The announcement said that Coffee County would receive new “ballot-marking devices,” the touch-screen voting machines that voters use to make their selections; printers for paper ballots with voters’ selections; ballot scanners used in precincts; electronic poll pads used to check in voters at polling places; and flash cards and thumb drives.
Two pieces of equipment that were accessed by the forensic experts in Coffee County — a central ballot scanner and the election management system server used to tally results — had already been replaced by Raffensperger’s office in June 2021.
Marilyn Marks, executive director of the Coalition for Good Governance, a plaintiff in the civil litigation, said leaving those two pieces of equipment in place is “wildly ineffective.” They have been used during elections with the “presumably contaminated” devices that are now being replaced, and now could be contaminated themselves, she said.
Before the announcement, Susan Greenhalgh, a senior adviser for election security for the nonprofit Free Speech for People and a consulting expert for the Coalition for Good Governance, said that replacing the machines in Coffee County is necessary but not sufficient to stem the risk to election security in Georgia.
“You still have the overall problem that the software has been released into the wild to countless individuals who may have ill intent and who may be using it to figure out ways to manipulate an election,” Greenhalgh told reporters at a news briefing earlier this week.

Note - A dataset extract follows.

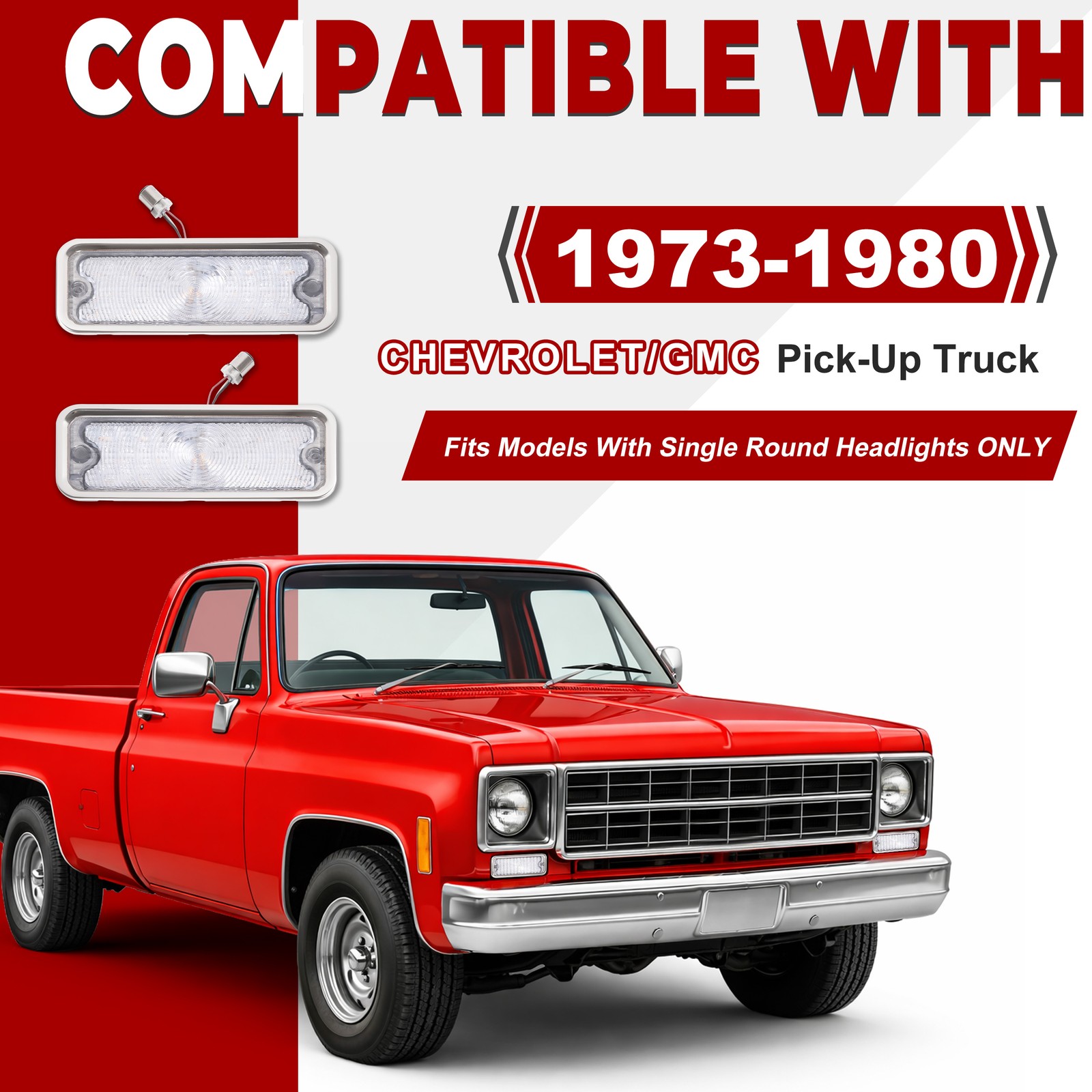 Headlight Assemblies Tail Light Assemblies Fog Light Assemblies Turn Signal Light Assemblies Side Marker Light Assemblies Park & Combination Light Assem Light Bulbs & LEDs Other Type Light Other Product Display Product Description Amber LED Parking Light Lamp Clear Lens Stainless Trim For Chevy GMC Truck 73-80 FIT FOR: For Chevrolet/GMC Pickup Truck 1973-1980 Fits Models With Single Round Headlights ONLY Product Specifics: Type: Parking Light Lighting Technology: LED Lens Color: Clear Lens Light Color: Amber Material: Plastic+Stainless Steel Placement on Vehicle: Front,Left,Right Installation Method: Screw-On Features: Built to Last: Exceptionally durable with outstanding corrosion, abrasion, and shock resistance. Easy Tool-Free Install: True plug-and-play fit, no modifications. Brilliant Clarity: Advanced optical engineering for a focused beam that maximizes visibility and safety. Package Includes: 2 X Parking Light (Left & Right Side) Shipping: All items will be shipped out in 1 business day, no expedited service available. We ship our items to USA only(Does NOT include Hawaii, Alaska or Puerto Rico, PO Boxes/APO's). Shipping Notes: We use multiple warehouses and will select the nearest warehouse for delivery according to your order address and our inventory, Thank you for your cooperation. Contact us: Any Questions, Just feel free to contact us on eBay. We will reply you in 24 hours. Brand Story Autolighting—Guiding with Light, Protecting with Craftsmanship. In an era where machinery and technology intertwine, reliability and innovation are the cornerstones of progress. Autolighting was born from a pursuit of unparalleled quality—we are not just a manufacturer of car lights, but also a guardian of safety and convenience. We pay attention to every detail of daily driving. With professionalism and craftsmanship, Autolighting provides solid protection for every journey. On Mar 30, 2026 at 00:37:11 PDT, seller added the following information: On Mar 31, 2026 at 07:45:01 PDT, seller added the following information:

Video footage shows that a team from Atlanta-based SullivanStrickler spent about eight hours at the county elections office on Jan. 7, 2021, copying software from Dominion Voting Systems equipment and data from multiple memory sticks and other devices.
The county elections supervisor at the time told The Washington Post earlier this year that she allowed the team into the office to help find proof that the election “was not done true and correct.” The video footage also shows that Cathy Latham, then the chairwoman of the county Republican Party, greeted the SullivanStrickler team at the elections office and introduced them to local officials. Her lawyers have denied that she participated in the Jan. 7 copying or did anything improper or illegal.
The Georgia Bureau of Investigation has said it is investigating a suspected computer trespass of a Coffee County elections server that day. A special grand jury in Atlanta, which was already examining the “fake elector” scheme to keep President Donald Trump in power using bogus electoral certificates, has recently expanded its inquiry to take in the Coffee County episode.
The grand jury has issued subpoenas including to Powell and to SullivanStrickler. The firm said in a statement to The Post that it was not a target of the investigation and that the company and its employees were witnesses in the case.
SullivanStrickler has said it believed the attorneys it was working for were authorized to access the voting machines, and that the firm had no reason to think the attorneys would ask it to do anything illegal or improper. “We are confident that it will quickly become apparent that we did nothing wrong and were operating in good faith at all times,” it said in a statement.